Ph.D. Candidate University of Waterloo, Ontario, Canada
Objectives: Chronic kidney disease (CKD) is a global health concern, impacting about 10-15% of the world’s population. Among patients with CKD, there are sex differences in both the prevalence and pathophysiological profiles, with women being more affected than men [1]. While quantitative systems pharmacology (QSP) models have proven to be valuable tools in studying calcium-phosphate regulation and bone health in CKD patients [2,3], these models have yet to consider the impact of sex differences. Our study addresses this gap by developing the first sex-specific QSP models of calcium-phosphate regulation in patients with CKD. Using these models, we quantify how sex differences impact patients with CKD as well as predict clinical outcomes while considering sex as a biological variable.
Methods: We developed sex-specific QSP models of calcium-phosphate homeostasis which describe changes in plasma phosphate, calcium, parathyroid hormone (PTH), and fibroblast growth factor 23 (FGF23) as well as bone remodeling during CKD progression in males versus females.
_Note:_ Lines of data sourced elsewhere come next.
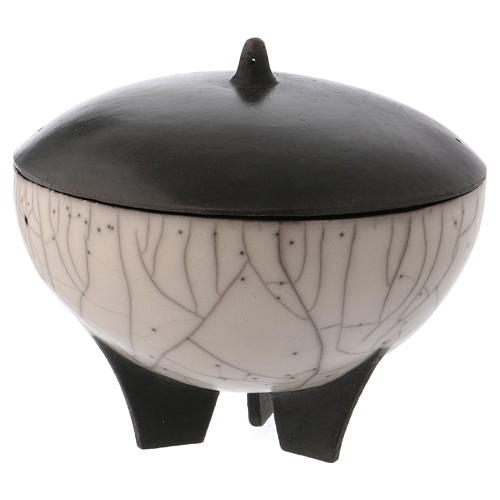 This cremation urn is entirely hand made and baked following the Japanese tradition called Raku and embellished with a variation of the technique Kintsugi, using some resins with biocomponents.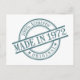 Postal Hecho en 1972 Año de nacimiento Sello de goma redo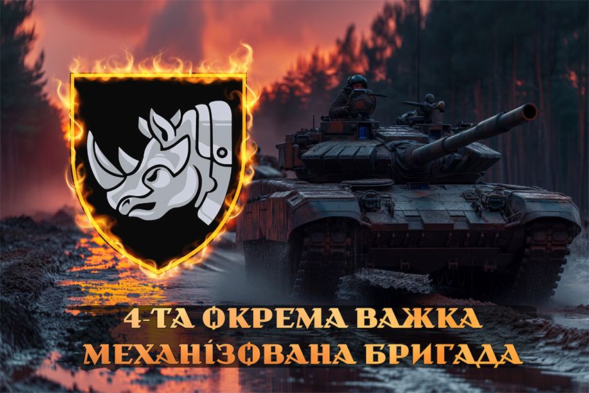 Купить флаг 4-я отдельная тяжёлая механизированная бригада (4 ОТМБр) СВ ВСУ (лого 4) танки на марше вы можете в пяти размерах: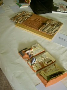 El divendres 1 de juliol s’inaugurava l’exposició de final de curs amb els companys de ceràmica i també els de pintura de l’Escola de Perones Adultes de Centelles. El Niu del Palau acull la mostra amb peces dedicades al tema donat de la lectura. Com a investigació, durant el curs, he estampat planxes de linòleum sobre fang, que després acaben “pintats” amb òxids i esmaltats. Per la meva peça de la lectura he repetit aquest exercici.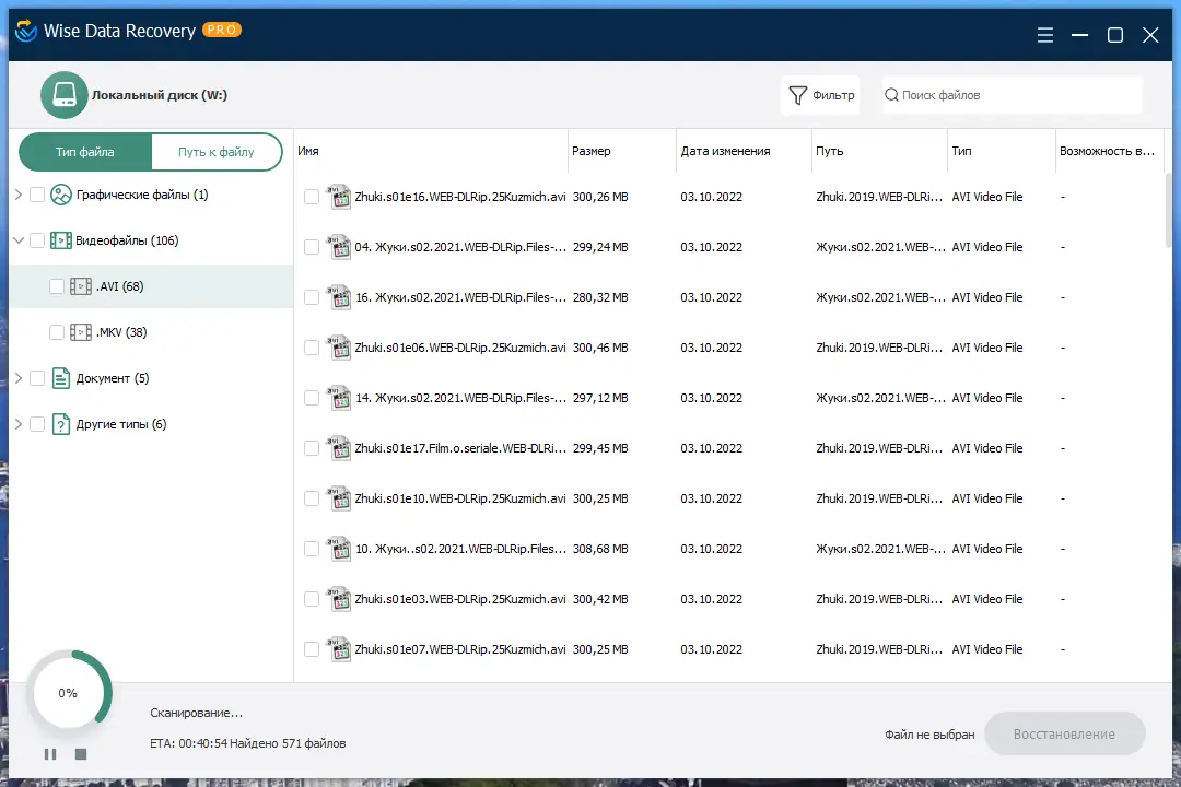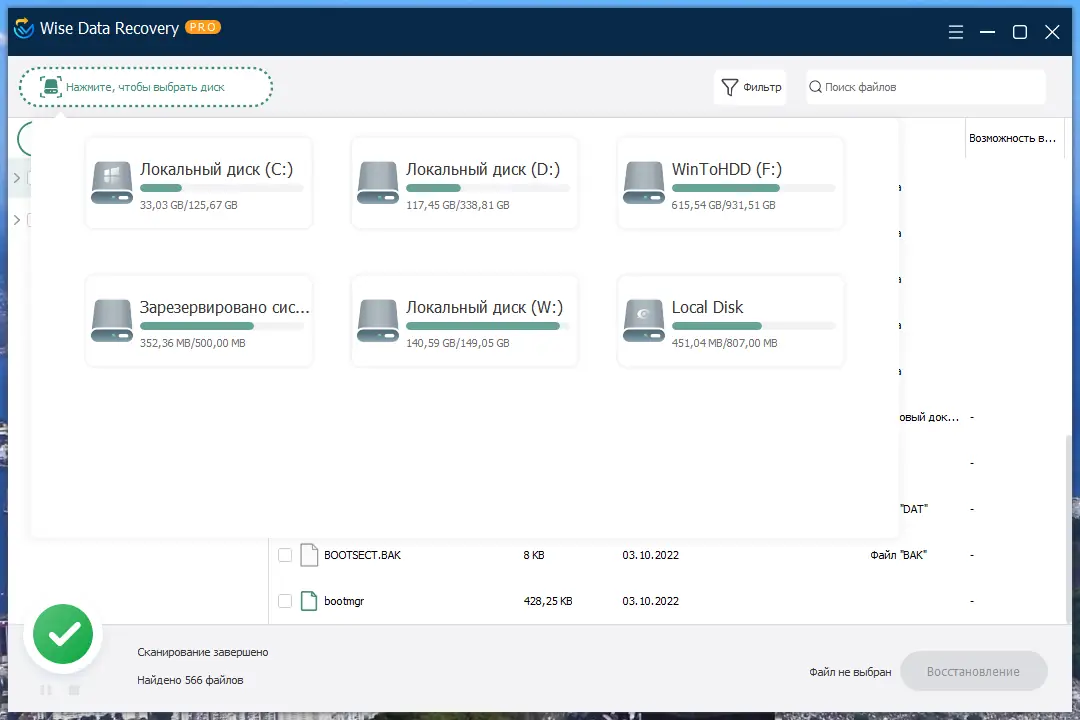 Работа с Wise Data Recovery

Our models are based on existing sex-specific data [1,4] and QSP models [2,3]. Through model simulation and analysis, we quantify how sex differences impact calcium-phosphate homeostasis through CKD progression as well as the clinical impacts of various therapies.
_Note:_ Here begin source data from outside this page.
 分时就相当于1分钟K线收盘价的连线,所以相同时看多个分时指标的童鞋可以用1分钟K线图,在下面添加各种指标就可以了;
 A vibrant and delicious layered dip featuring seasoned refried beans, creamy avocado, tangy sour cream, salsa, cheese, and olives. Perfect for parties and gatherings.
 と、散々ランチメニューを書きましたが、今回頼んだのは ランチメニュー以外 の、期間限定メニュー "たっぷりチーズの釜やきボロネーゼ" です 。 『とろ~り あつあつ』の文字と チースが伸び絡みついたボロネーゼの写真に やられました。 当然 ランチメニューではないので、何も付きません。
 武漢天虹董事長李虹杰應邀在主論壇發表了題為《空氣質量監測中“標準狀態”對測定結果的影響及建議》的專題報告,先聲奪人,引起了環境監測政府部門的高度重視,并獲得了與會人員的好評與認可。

Results: Female susceptibility to hyperphosphatemia can be explained by underlying sex differences in pathophysiological profiles of patients with CKD.
Conclusions: Impacts of sex differences in pathophysiological profiles of patients with CKD are unraveled using mathematical modeling.
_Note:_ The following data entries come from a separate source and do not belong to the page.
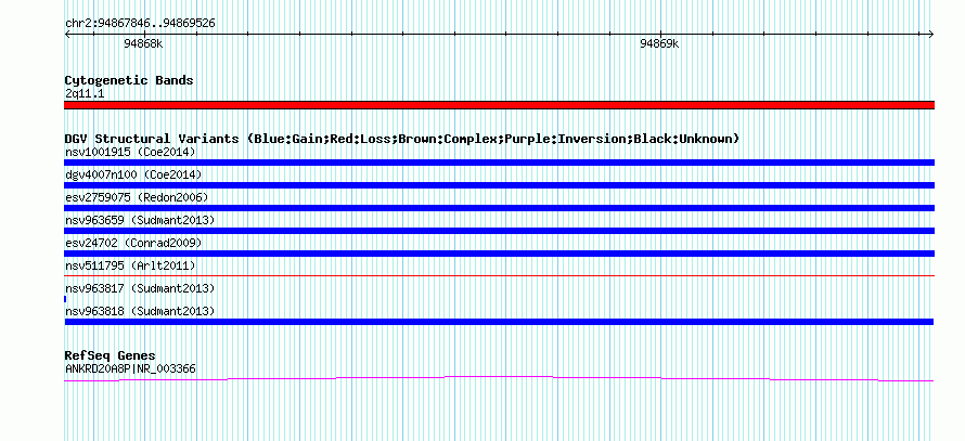 Variant DetailsVariant: nsv963818| Internal ID | 18599058 | | Landmark | | | Location Information | | | Cytoband | 2q11.1 | | Allele length | | Assembly | Allele length | | hg38 | 1681 | | hg19 | 1681 | | hg18 | 1681 |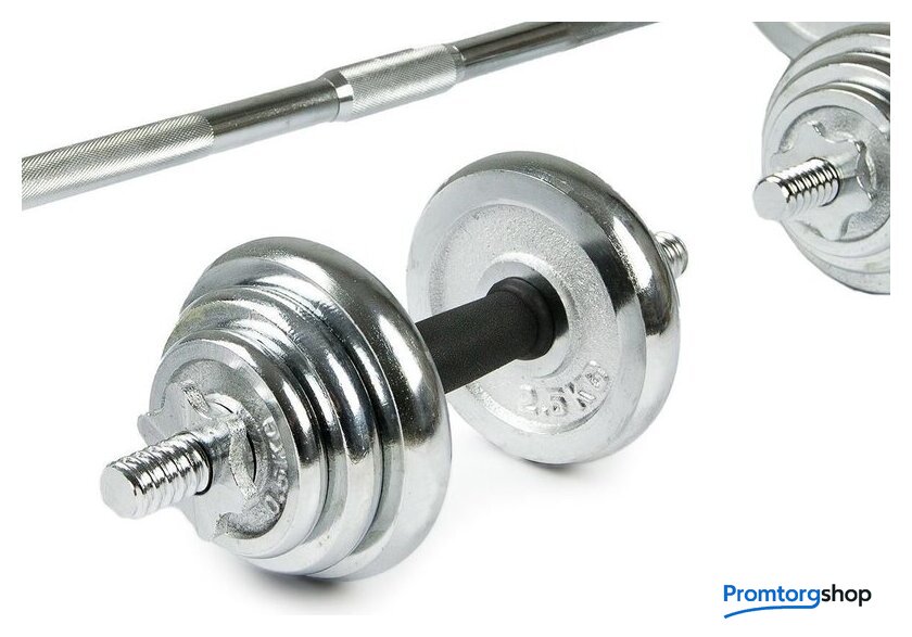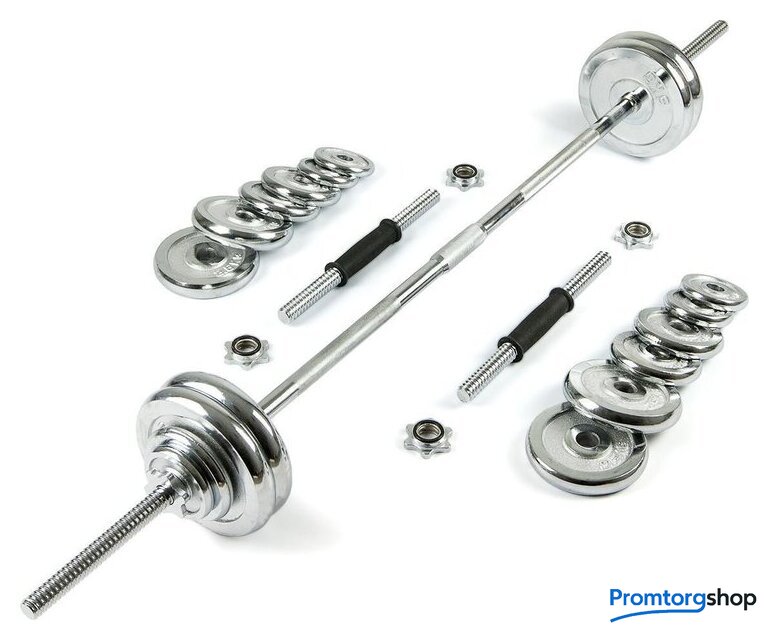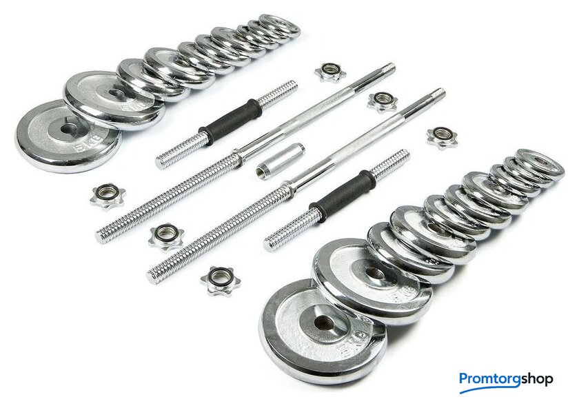 | Комплектация | - Диски 0.5 кг - 6 шт. (диаметр диска 9 см, толщина 1,5см)- Диски 1.25 кг - 6 шт. (диаметр диска 11 см, толщина 2,5 см)- Диски 2.5 кг - 4 шт. (диаметр диска 14 см, толщина 2,6 см)- Диски 5 кг - 4 шт .(диаметр диска 19см, толщина 3см)- Гриф для гантелей (L: 355 мм, D: 25 мм) - 2 шт., 1.66 кг- Гриф для штанги (L: 1500 мм, D: 25 мм) - 1шт., 6.5 кг |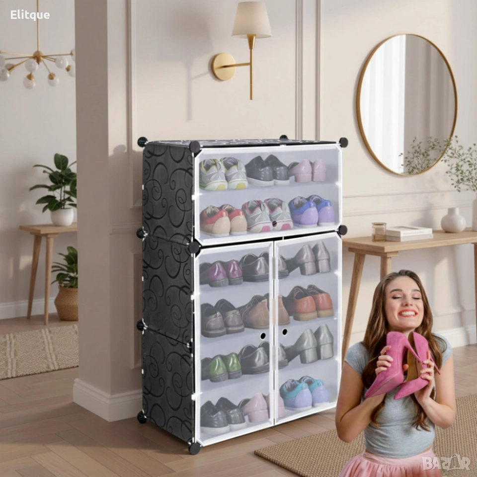 Черен модулен шкаф за обувки - функционалност и красив дизайн в едно

Citations: [1] Wyld, Melanie L. R., Nicole L. De La Mata, Andrea Viecelli, et al. 2022. “Sex-Based Differences in Risk Factors and Complications of Chronic Kidney Disease.” Seminars in Nephrology, Sex and Gender in Kidney Health and Disease, 42 (2): 153–69. [2] Peterson, Mark C., and Matthew M. Riggs. 2010. “A Physiologically Based Mathematical Model of Integrated Calcium Homeostasis and Bone Remodeling.” Bone 46 (1): 49–63. [3] Gaweda, Adam E., Devin E. McBride, et al. 2021. “Development of a Quantitative Systems Pharmacology Model of Chronic Kidney Disease: Metabolic Bone Disorder.” American Journal of Physiology-Renal Physiology 320 (2): F203–11. [4] Feldman, Harold I., Lawrence J. Appel, et al. 2003. “The Chronic Renal Insufficiency Cohort (CRIC) Study: Design and Methods.” Journal of the American Society of Nephrology 14.